John Frame menyatakan bahwa Alkitab mengajarkan kita mengenai siapa Allah melalui tiga cara: (1) melalui narasi pekerjaan Allah di dalam sejarah, (2) melalui deskripsi langsung tentang siapa Allah (nama-Nya, atribut-atribut-Nya, dan lain-lain), dan (3) melalui pernyataan diri Allah sebagai Allah Tritunggal.

Melalui karya-karya Allah yang dicatat dalam Alkitab, kita bisa mengenal siapa Allah, terutama melalui interaksi-Nya dengan umat-Nya. Setidaknya melalui karya-karya yang dilakukan-Nya, kita dapat mengenal-Nya sebagai Tuhan atas alam semesta ini.

John Frame, di dalam bukunya Systematic Theology: An Introduction to Christian Belief, mengklasifikasikan pekerjaan-pekerjaan Allah di dalam tiga perspektif: God’s eternal decree (normative); miracle, providence, and creation (situational); dan redemption (existential). Ketetapan Allah yang kekal merupakan perspektif normatif karena melalui karya inilah Allah mendikte atau menentukan mengenai event-event yang akan terjadi di sepanjang sejarah. Miracle, providence, and creation merupakan karya Allah di dalam dunia di mana karya Allah dilakukan di dalam sejarah manusia. Sedangkan karya penebusan adalah karya pembebasan Allah bagi umat-Nya agar mereka dapat kembali bersekutu dengan Bapa di sorga.

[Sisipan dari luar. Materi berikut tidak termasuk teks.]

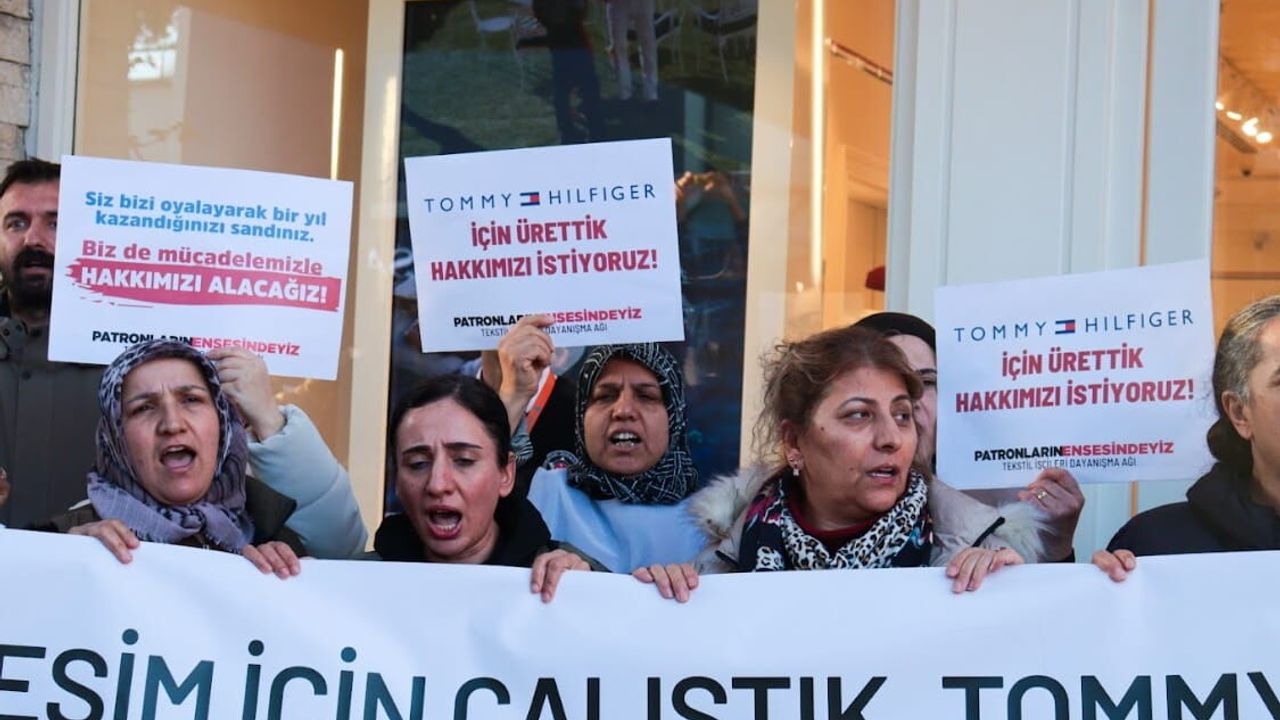Tommy Hilfiger için üretim yapan Atamay Tekstil işçileri, geçtiğimiz günlerde Forum Bornova'da bulunan mağaza önünde eylem yapmış, tüm Tommy Hilfiger mağazalarının ve Yeşim Tekstil'in kendileri için eylem alanı olduğunu vurgulamıştı.
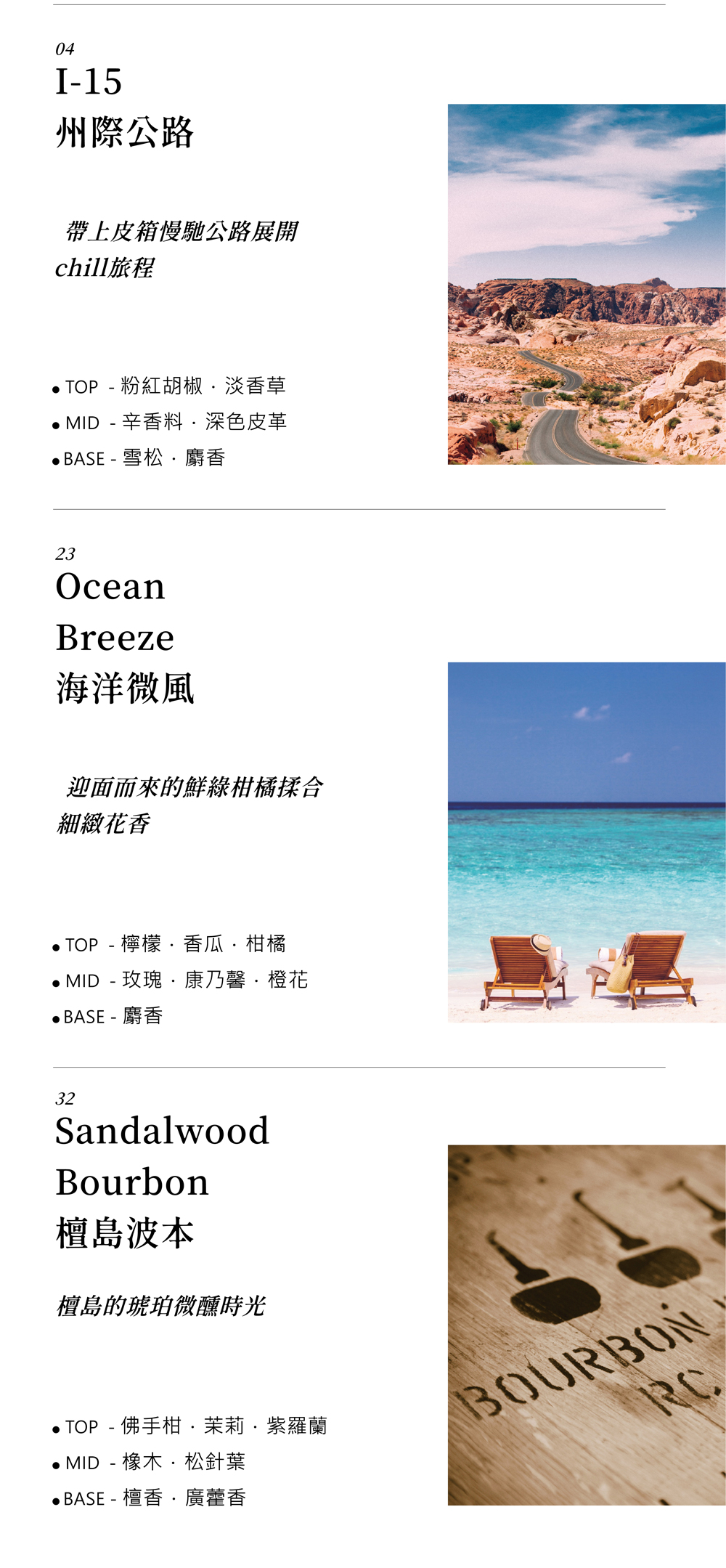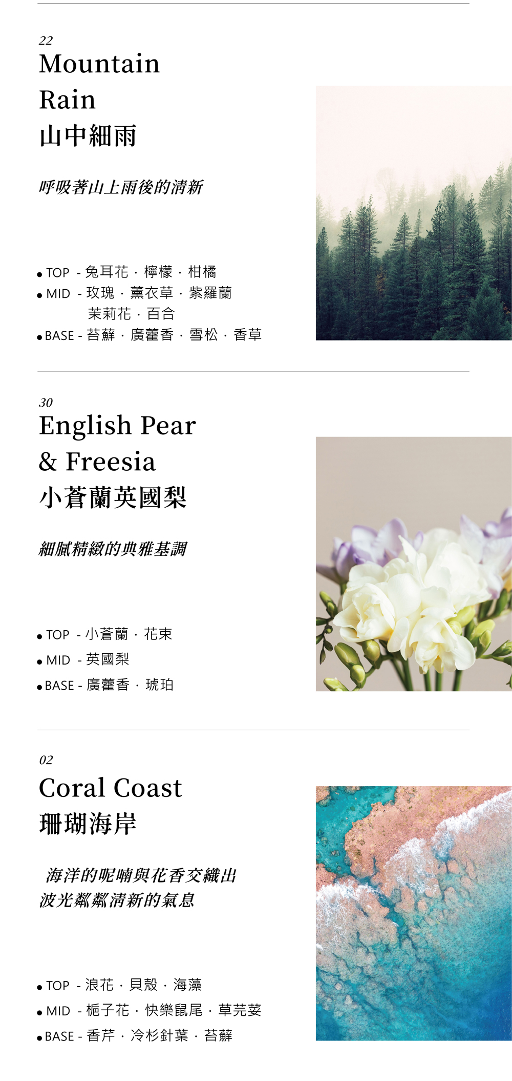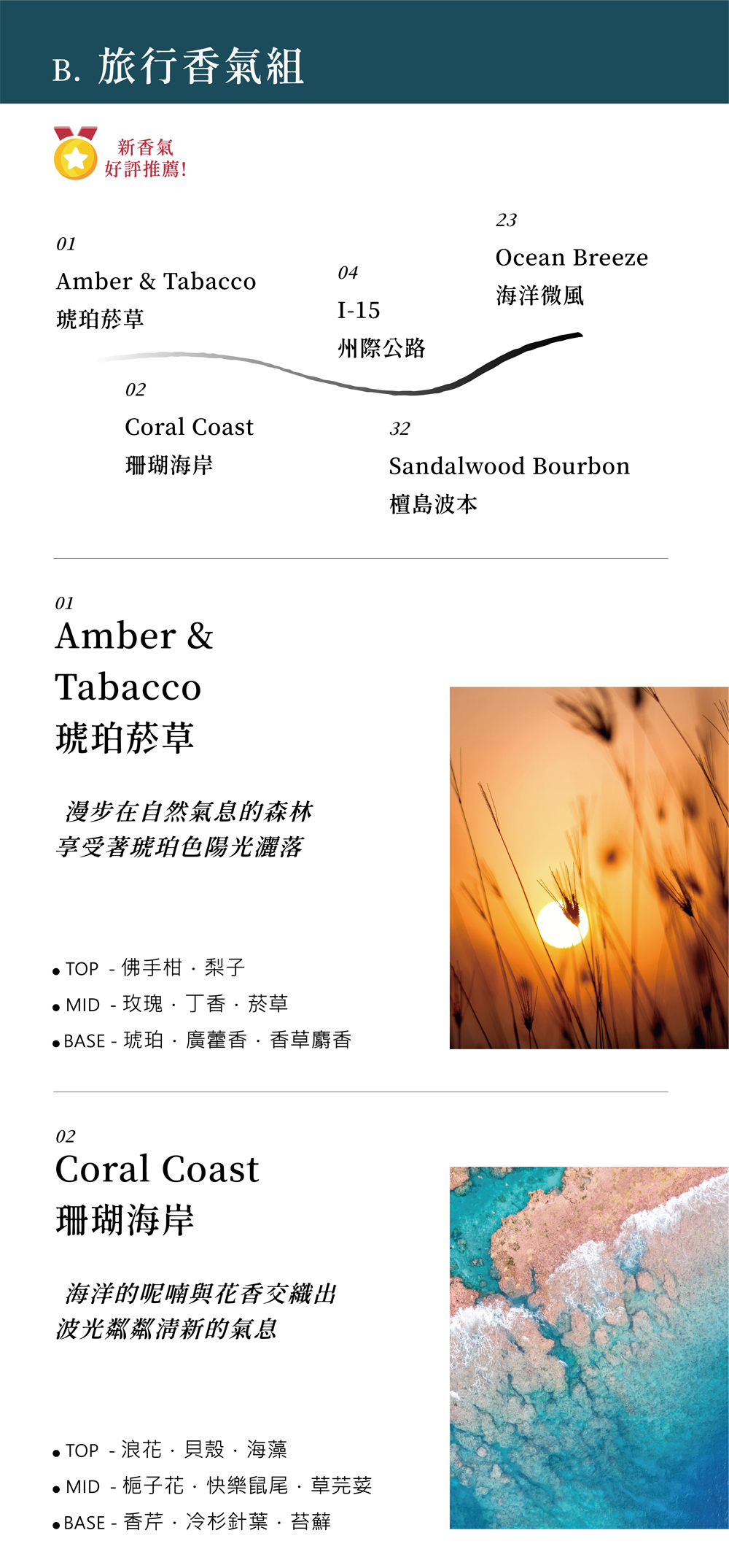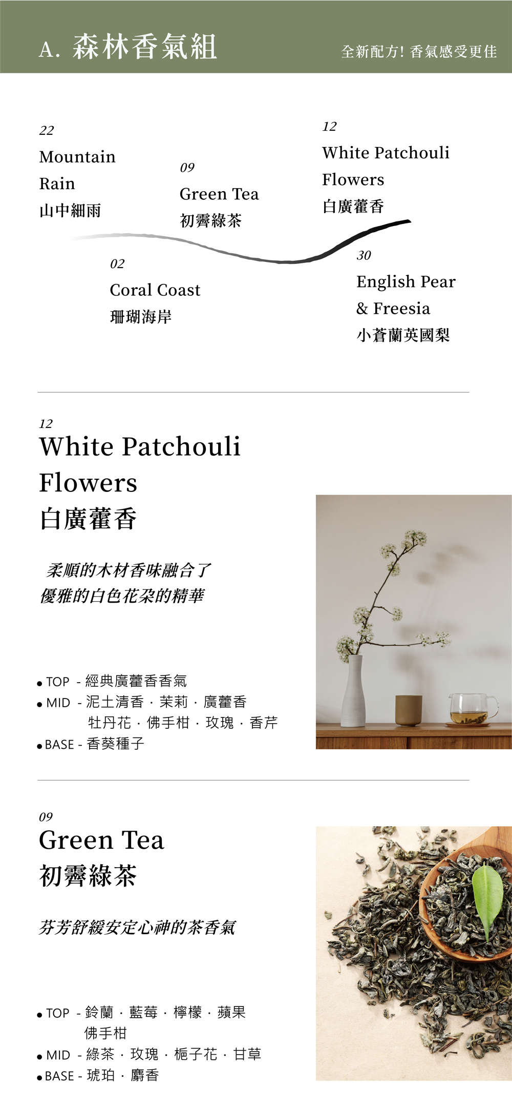 兩款香氣組合:【 A. 森林香氣 🌲 】經典香氣 ‧ 全新配方!山中細雨、白廣藿香、初霽綠茶、小蒼蘭英國梨、珊瑚海岸【 B. 旅行香氣 ✈️ 】全新香氣 ‧ 好評推薦!琥珀菸草、珊瑚海岸、州際公路、海洋微風、檀島波本

Melalui karya-karya ini, kita bisa mengenal siapa Allah yang dinyatakan Alkitab. Oleh karena itu, melalui beberapa artikel mengenai “Revelation Through Action” ini, kita akan membahas secara garis besar beberapa karya Allah yang dinyatakan oleh Alkitab. Lalu, melalui karya tersebut, kita akan melihat bagaimana kita dapat makin mengenal-Nya. Di dalam artikel yang pertama ini, kita akan membahas karya mujizat Allah.

Apa Itu Mujizat?

Banyak definisi yang diberikan mengenai apa itu mujizat. John Frame menyatakan bahwa istilah “miracle” di dalam bahasa Inggris bukanlah istilah yang berkoresponden dengan istilah Ibrani ataupun Yunani yang digunakan untuk menggambarkan mujizat. Bahkan, ia menjelaskan bahwa istilah mujizat harus dijelaskan melalui konteks penggunaan istilah tersebut daripada penggunaan arti dari istilah itu sendiri.

Ada beberapa filsuf dan theolog yang menjelaskan bahwa mujizat itu adalah pelanggaran, interupsi, atau gangguan terhadap hukum alam yang berlaku di dalam dunia ini. Namun, definisi ini sendiri masih membuka ruang terhadap pertanyaan, “Apa itu hukum alam?” Sering kali kita “take it for granted” istilah ini dan menganggap seluruh pengertian tentang alam yang kita mengerti sebagai hukum alam, padahal teori-teori yang kita pelajari pun masih terus berkembang, bergantung dengan hasil penelitian. Teori yang kita mengerti hari ini mungkin saja berubah dalam puluhan tahun mendatang. Dengan demikian, definisi mujizat ini membawa kita ke dalam cara berpikir yang relatif dan banyak hal yang ambigu.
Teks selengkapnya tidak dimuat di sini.